Въ эту минуту въ комнату вошелъ старикъ средняго роста въ черномъ фракѣ съ офиціально подстриженными сѣдыми бакенбардами, съ небольшой лысиной на головѣ. Это былъ Ивинскій.

— Ты готова? спросилъ онъ Евгенію Александровну и, увидавъ сидѣвшаго рядомъ съ нею юношу, вопросительно поднялъ брови.

— Жакъ, это мой мальчикъ! съ любовью проговорила Евгенія Александровна, указывая мужу на сына.- Eugène, c'est ton beau-père!

Евгеній вѣжливо раскланялся съ Ивинскимъ. Старикъ равнодушно пожалъ ему руку.

— C'est un brave garèon! продолжала Евгенія Александровна. — И взгляни, какъ онъ милъ? Не правда-ли?.. И еще эта Марья Всеволодовна осмѣливается говорить, qu'il n'а pas des manières!
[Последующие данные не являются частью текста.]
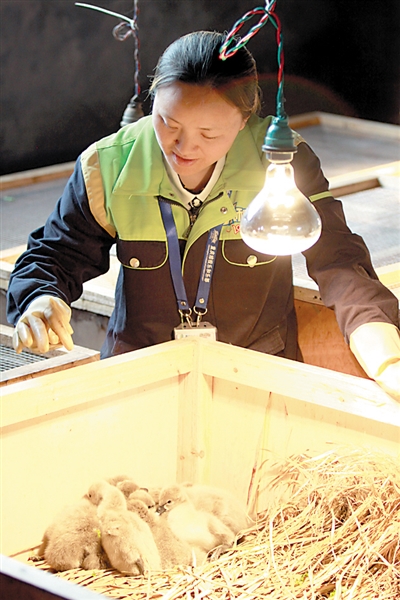 黑天鹅在室外自然孵化这段时间,饲养员每天都会守在其身旁,确保不出现其他意外情况。不过,园内部分黑天鹅是第一次当妈妈,照顾小孩经验不足,加上园区有黄鼠狼会偷食小天鹅,为保证小天鹅的安全和成活率。在它们出生的第二天,饲养员就把小天鹅们带到专门的饲养点,精心照顾。
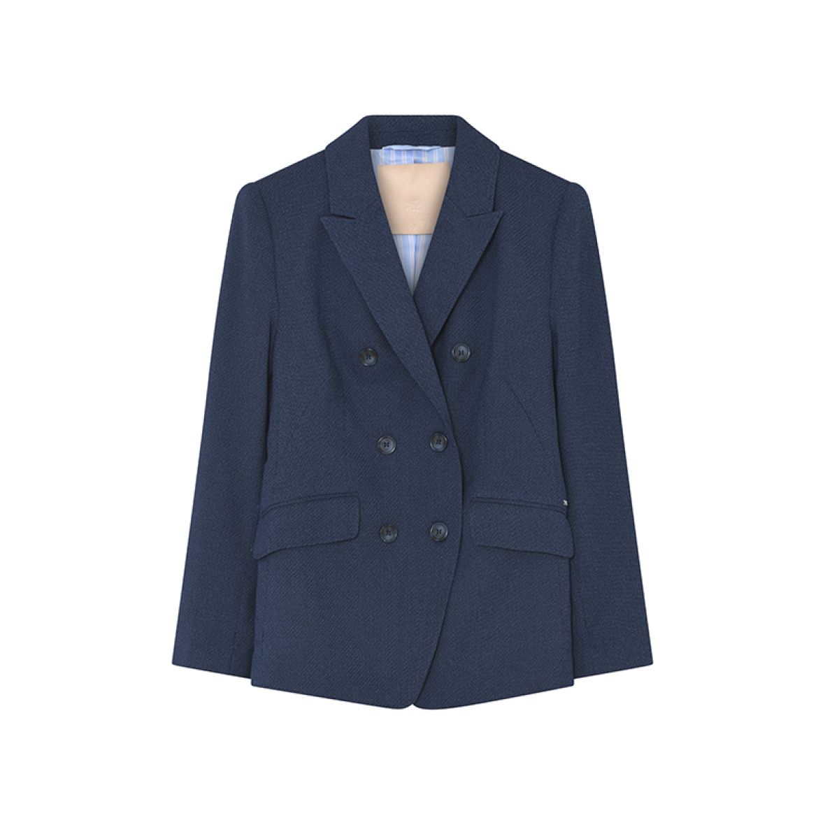 Klassisk mørkeblå blazer med dobbeltradede knapper og et tidløst, skarpt snit.
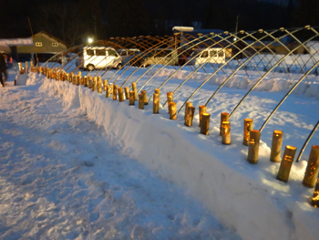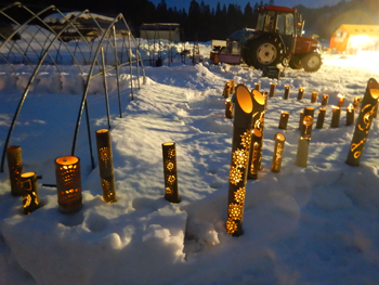- 会場に歩いて行くと、地元の小学生が作った孟宗竹の竹灯りが準備されており、次々と人も集まってきました。 最終的には300人近くになったと思います。
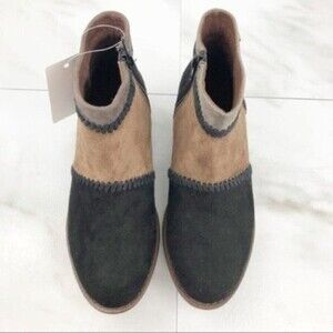 Roxy Devlin Bootie New with tags. Upper: Faux suede Upper: Patchwork details with whip stitch and metal ROXY plaque Closure: Medial zip closure Insole: Canvas lined shaft and footbed with ROXY label Outsole: Leather-wrap flexible TPR unit outsole
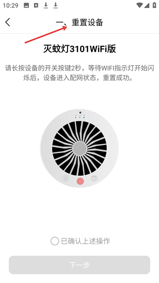 4、重置設(shè)備板塊詳細講解滅蚊燈3101WiFi版重置操作,長按開關(guān)按鍵2秒,待WiFi指示燈閃爍即進入配網(wǎng)狀態(tài),完成設(shè)備重置,為后續(xù)配網(wǎng)做好準備。
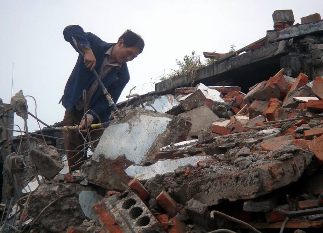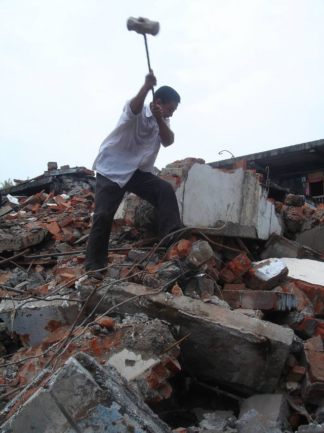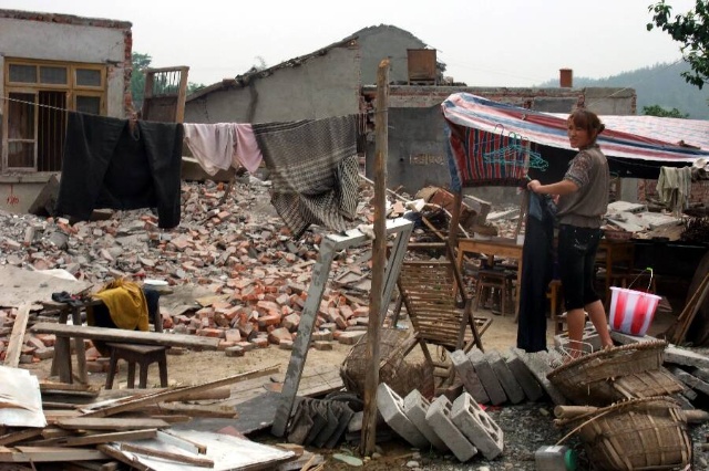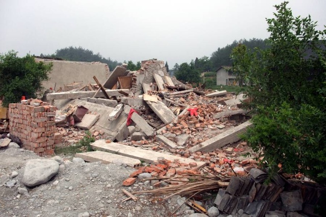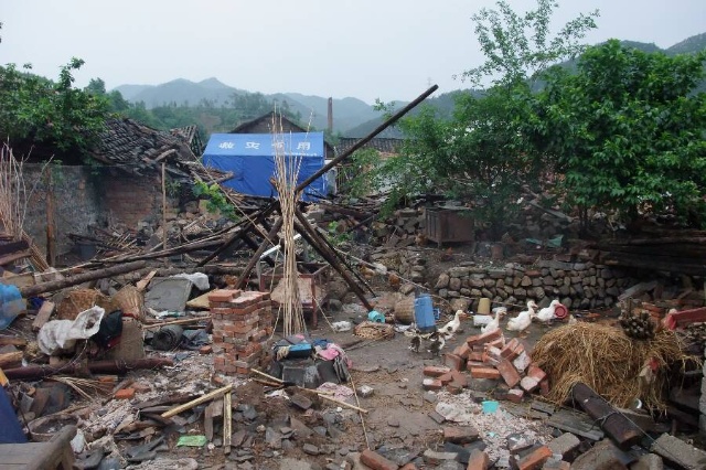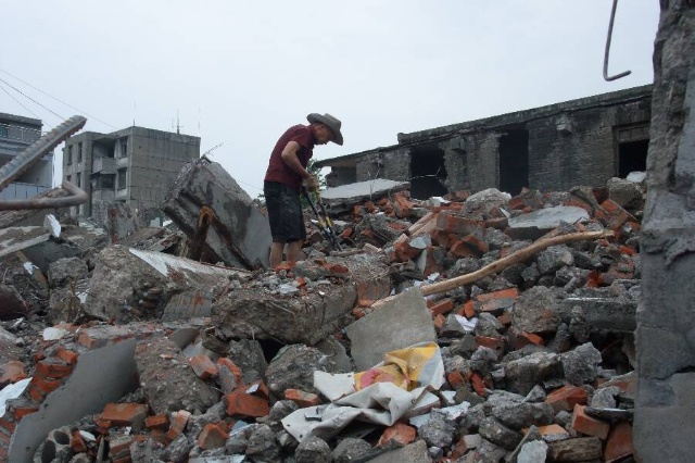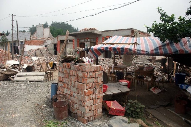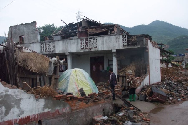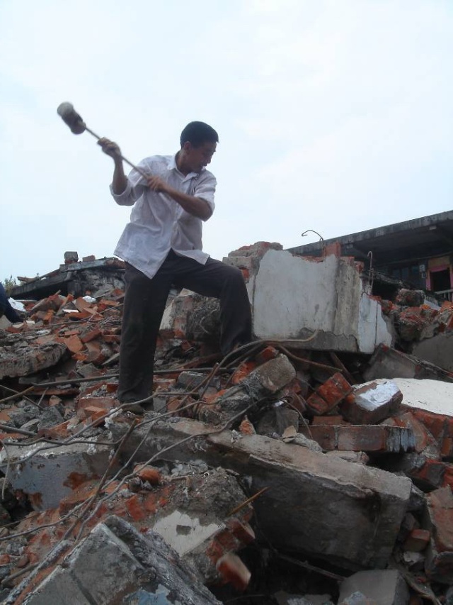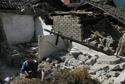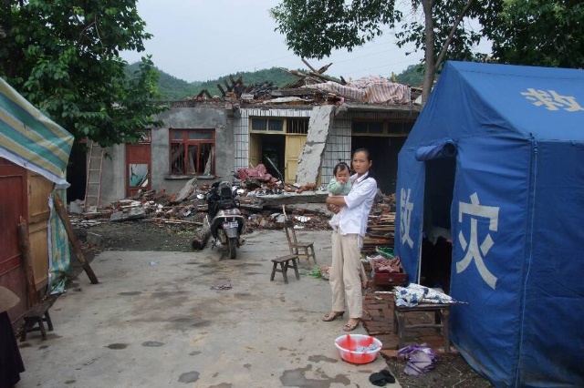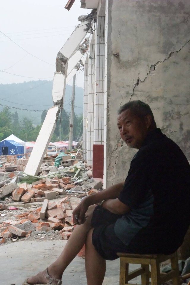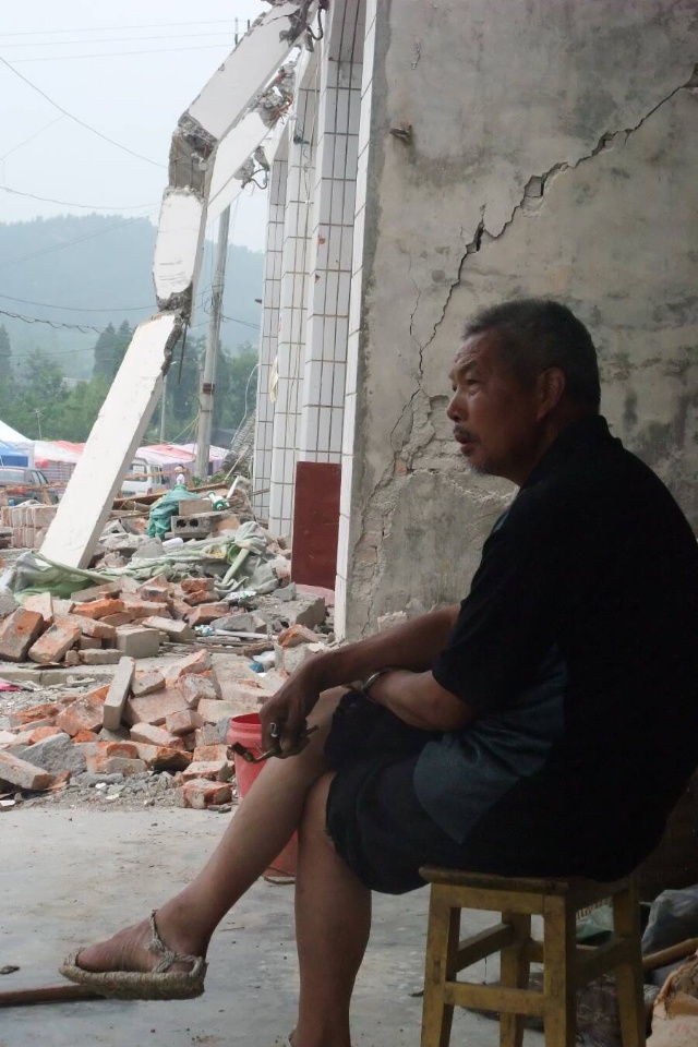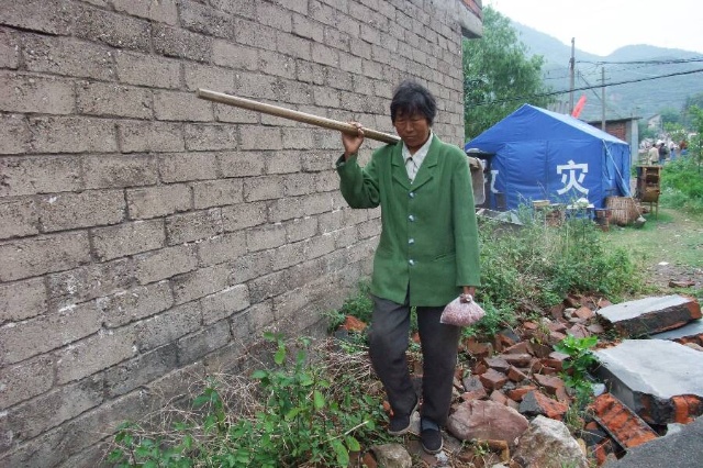2008年5月14日,四川江油,一名老太太说起当时震情失声痛哭。(作者:钟敏)(图片来源:CFP)
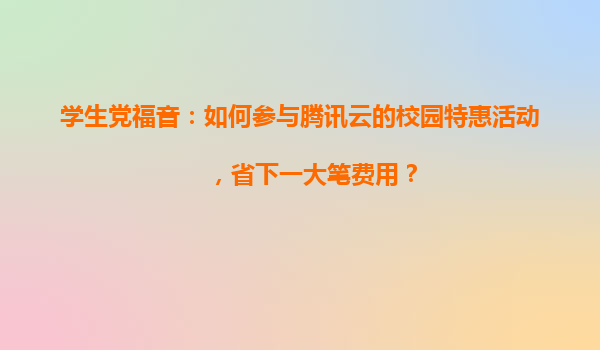2025-11-10學(xué)生黨福音:如何參與騰訊云的校園特惠活動(dòng),省下一大筆費(fèi)用? 一、騰訊云校園特惠活動(dòng)的優(yōu)勢(shì) 騰訊云作為國(guó)內(nèi)領(lǐng)先的云計(jì)算服務(wù)提供商,針對(duì)學(xué)生群體推出了專屬的校園特惠活動(dòng)。這項(xiàng)活動(dòng)不僅價(jià)格優(yōu)惠,還提...

Mais il est adorable!.. А знаешь, бѣдная княжна въ параличѣ!.. Мнѣ такъ больно, что это случилось тогда, когда между нами возникла маленькая пикировка… Я посѣтила-бы ее, а теперь нельзя… это ее встревожитъ… Мнѣ такъ досадно, такъ досадно!..

Евгеній опять стоялъ въ недоумѣніи, слушая это щебетанье «о маленькой пикировкѣ», ради которой княжна, быть можетъ, должна была сойдти въ могилу.

— Что-же онъ поѣдетъ съ нами? Или ты останешься дома? спросилъ Ивинскій, взглянувъ на часы.

— Ахъ, какъ можно!.. Онъ спѣшитъ къ больной и ему не до концерта, торопливо заговорила Евгенія Александровна. — Онъ такой любящій ребенокъ… Но послѣ… Ты, Eugène, будешь моимъ спутникомъ вездѣ, въ театрахъ, на балахъ… Я воображаю, Жакъ, какъ всѣ будутъ говорить: «какъ прелестенъ вашъ братъ». «Братъ? Что вы! Это мой сынъ! Я уже старуха!..» Вѣдь, право, это трудно повѣрить. Взгляни, онъ даже выше меня ростомъ…

Она взяла Евгенія за руку и встала съ нимъ рядомъ передъ зеркаломъ.

— Да, да, выше! проговорила она. — Просто глазамъ не вѣрится… Да, Жакъ, я говорила тебѣ, что я старуха… ну, вотъ теперь и самъ видишь!.. Однако, пора!.. Ну, до свиданья!

Евгеній, стоявшій какъ на горячихъ угольяхъ, сталъ откланиваться.

— Eh bien? сказала Евгенія Александровна сыну.- Embrassez moi sur la joue.

Она подставила Евгенію свою розовую щеку и засмѣялась.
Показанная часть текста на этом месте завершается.